Entscheidungsstichwort (Thema)
Vertragsärztliche Versorgung. Teilzulassung für haus- und fachärztliche Versorgung
Orientierungssatz
1. Ein Vertragsarzt kann auch zwei hälftige Teilzulassungen erhalten (vgl LSG Chemnitz vom 2.10.2013 - L 8 KA 48/11).
2. Dass ein Vertragsarzt zwei hälftige Teilzulassungen erhalten kann, umfasst grundsätzlich auch die Möglichkeit, ihm am selben Vertragsarztsitz je eine Teilzulassung für die haus- und für die fachärztliche Versorgung zu erteilen.
Tenor
Der Beschluss des Beklagten vom 28.09.2011 wird aufgehoben; der Beklagte wird verurteilt, über den Widerspruch des Klägers gegen den Beschluss des Zulassungsausschusses vom 23.03.2011 unter Beachtung der Rechtsauffassung des Gerichts erneut zu entscheiden.
Der Beklagte trägt die Kosten des Verfahrens mit Ausnahme der Kosten der Beigeladenen, die diese selbst zu tragen haben.
Tatbestand
Die Beteiligten streiten über die beantragte Sonderbedarfszulassung des Klägers mit hälftigem Versorgungsauftrag.
Der Kläger ist seit 30.10.1999 Facharzt für Chirurgie und seit 30.06.2001 auch Facharzt für Allgemeinmedizin und hat die Zusatzbezeichnung Chirotherapie. Seit 23.07.2001 nimmt er in einer hausärztlichen Berufsausübungsgemeinschaft in G als Allgemeinmediziner an der vertragsärztlichen Versorgung teil.
Der Beklagte bzw die Beigeladene zu 7) hatten ihn wegen der schlechten chirurgischen Versorgung vor Ort gemäß § 73 Abs. 1a Satz 3 SGB V befristet berechtigt, spezifische fachärztliche Leistungen (insbesondere teilradiologische Leistungen und ambulante Operationen) zu erbringen.

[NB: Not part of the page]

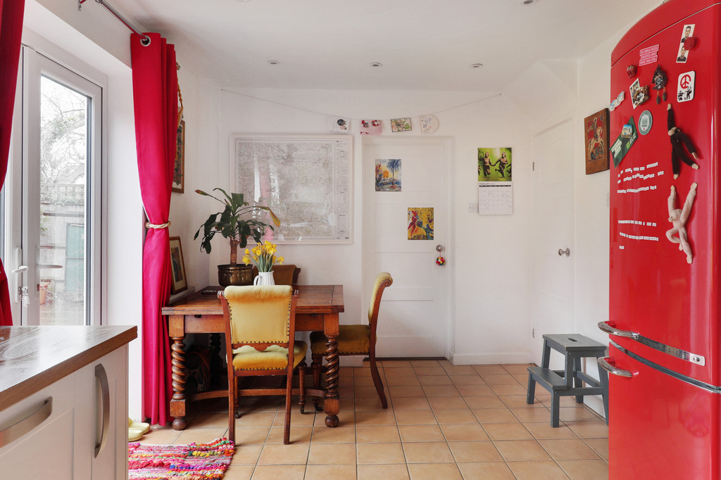 Useful built-in understairs cupboard and ample room for a dining table.

Am 03.02.2011 beantragte der Kläger beim Zulassungsausschuss, ihn für den Vertragsarztsitz der Berufsausübungsgemeinschaft als Facharzt für Chirurgie - unter Reduzierung des hausärztlichen Versorgungsauftrags auf die Hälfte - im Wege einer Sonderbedarfsfeststellung gemäß § 26 iVm § 24a Bedarfsplanungs-Richtlinie Ärzte zur fachärztlichen Versorgung mit hälftigem Versorgungsauftrag nach § 19a Abs. 2 Ärzte-ZV zuzulassen. Der Bedarf bestehe weiterhin, Genehmigungen nach § 73 Abs. 1a Satz 3 SGB V könnten ihm als Allgemeinmediziner nach der neueren Rechtsprechung des BSG aber nicht mehr erteilt werden.
Beigefügt hatte er ein Schreiben der Beigeladenen zu 7) vom 19.01.2011, in dem diese ihm bestätigte, dass ihr Vorstand einen solchen Antrag des Klägers befürworten würde.
Unter dem 09.02.2011 sprach sich die Beigeladene zu 7) für eine solche Zulassung mit dauerhafter Bindung an G aus.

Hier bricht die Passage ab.